Balance the following in basic medium:
 $ F{e_3}{O_4} + MnO_4^ - \to F{e_2}{O_3} + Mn{O_2} $
(A) $ 6F{e_3}{O_4} + 2MnO_4^ - + {H_2}O \to 9F{e_2}{O_3} + 2Mn{O_2} + 2O{H^ - } $
(B) $ 6F{e_3}{O_4} + 4MnO_4^ - + {H_2}O \to 9F{e_2}{O_3} + 5Mn{O_2} + O{H^ - } $
(C) $ 6F{e_3}{O_4} + MnO_4^ - + {H_2}O \to 9F{e_2}{O_3} + 3Mn{O_2} + 2O{H^ - } $
(D) None of these

Answer 1

Hint: To answer this question, you must recall the steps for balancing a redox reaction. A reaction in which one species is oxidized while the other is reduced is known as a redox (reduction- oxidation reaction). In the basic medium, we use OH ions to equalize charge of the ions.
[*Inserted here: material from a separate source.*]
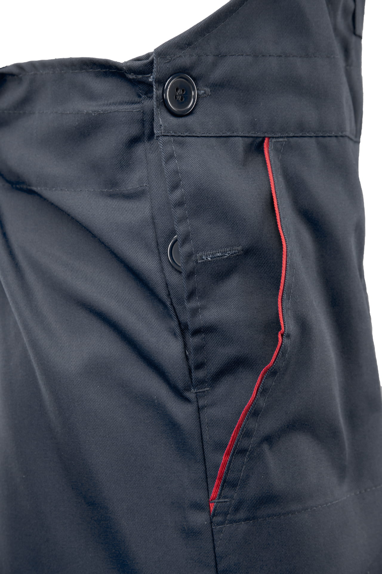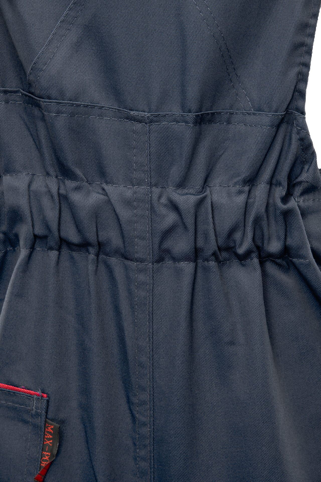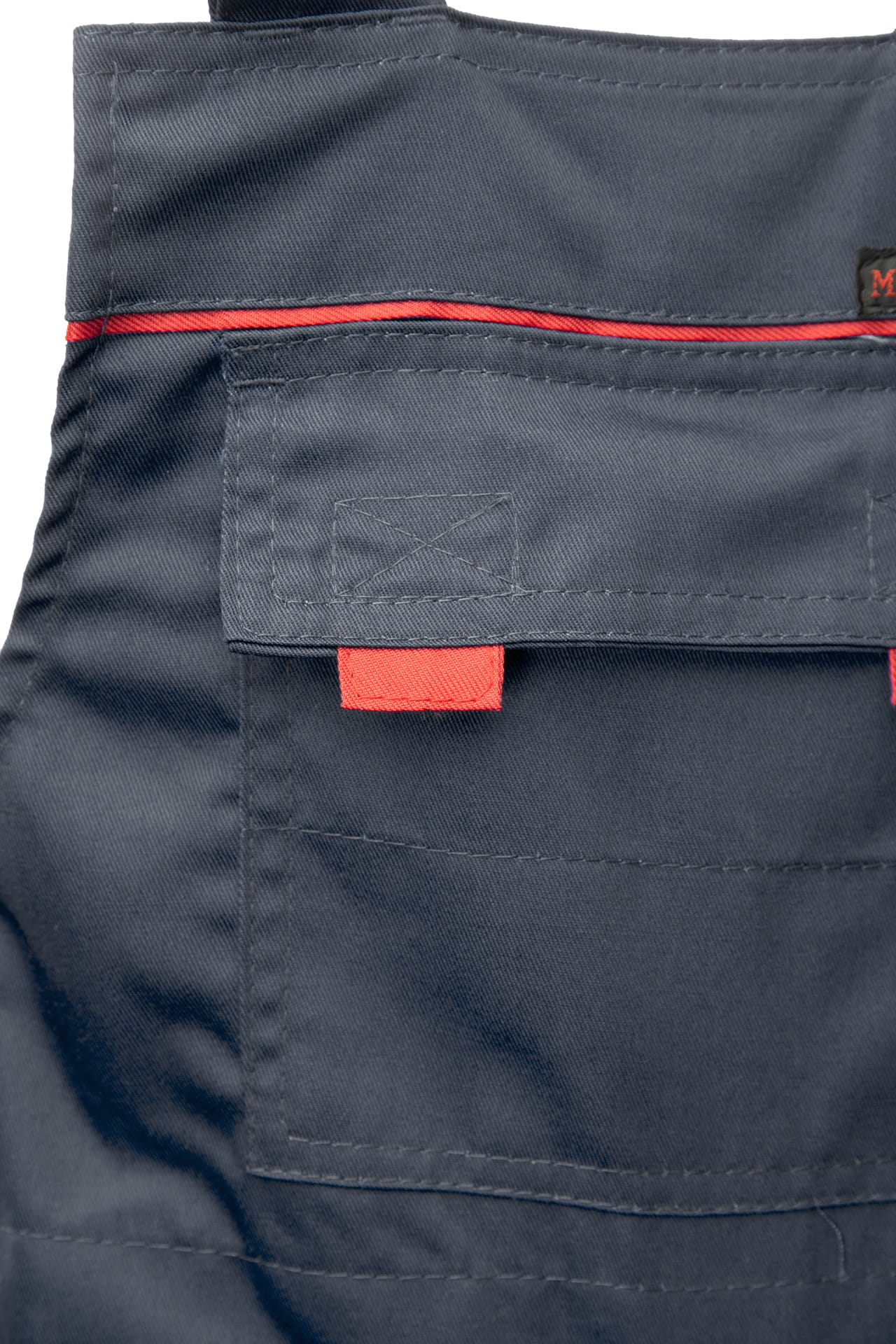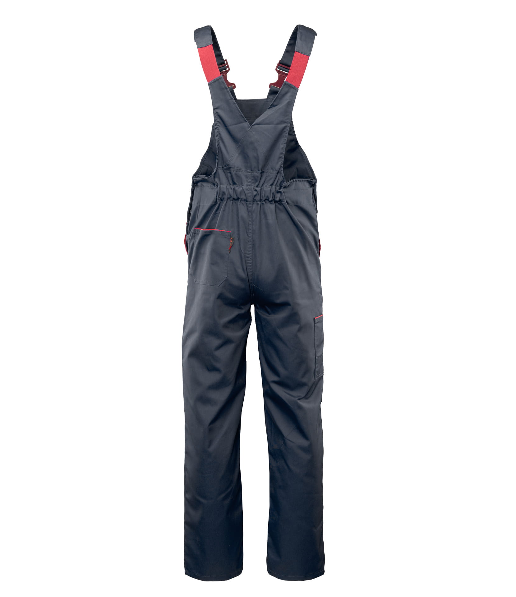 Ogrodniczki posiadają przemyślany układ kieszeni: na miarkę „metrówkę”, dokumenty, dwie kieszenie boczne, kieszeń w tylnej części spodni oraz górne kieszenie zapinane na rzepy. Regulacja obwodu pasa za pomocą guzików i gumki wszytej z tyłu zapewnia komfort podczas pracy.

Complete step by step reaction
We are given the reaction, $ F{e_3}{O_4} + MnO_4^ - \to F{e_2}{O_3} + Mn{O_2} $
First we balance all the atoms other than hydrogen and oxygen in the reaction. We get,
 $ 2F{e_3}{O_4} + MnO_4^ - \to 3F{e_2}{O_3} + Mn{O_2} $
Next, we write both the half reactions. The reduction half reaction in which $ MnO_4^ - $ reduces to $ Mn{O_2} $ with a decrease in the oxidation state of manganese from $ + 7 $ to $ + 4 $ is given as:
 $ MnO_4^ - \to Mn{O_2} $ : Manganese loses three electrons
The Oxidation half reaction in which $ F{e_3}{O_4} $ is oxidized to $ F{e_2}{O_3} $ . The oxidation of iron changes from $ + 2.67 $ to $ + 3 $ . So the change in the oxidation state of iron is $ 0.33 $ . So we can say that 1 mole of $ F{e_3}{O_4} $ loses 0.33 electrons. So 6 moles of the iron will lose a total of two electrons. Thus, the oxidation reaction can be written as:
 $ 2F{e_3}{O_4} \to 3F{e_2}{O_3} $ : Iron loses two electrons
Cross multiplying the half cells with their electrons transferred and then adding them, we get,
 $ 6F{e_3}{O_4} + 2MnO_4^ - \to 9F{e_2}{O_3} + 2Mn{O_2} $
Now, the number of electrons transferred in the reaction is balanced for both the half- cell reactions. But the charge is not yet balanced. In basic medium, to balance the charges and number of oxygen atoms and hydrogen atoms, we add hydroxyl ions and water molecules accordingly. The left hand side of the reaction carries two negative charges. So we add 2 hydroxide ions on the right side and water molecules on the left side to balance the oxygen and hydrogen atoms.
 $ 6F{e_3}{O_4} + 2MnO_4^ - + {H_2}O \to 9F{e_2}{O_3} + 2Mn{O_2} + 2O{H^ - } $
Thus, the correct answer is A.

Note
After balancing the equation, we must always recheck the equation. For this, we verify that the equation has the same type and equal number of atoms on both sides of the equation. For acidic medium, we use hydrogen ions to equalize the charge of the ions.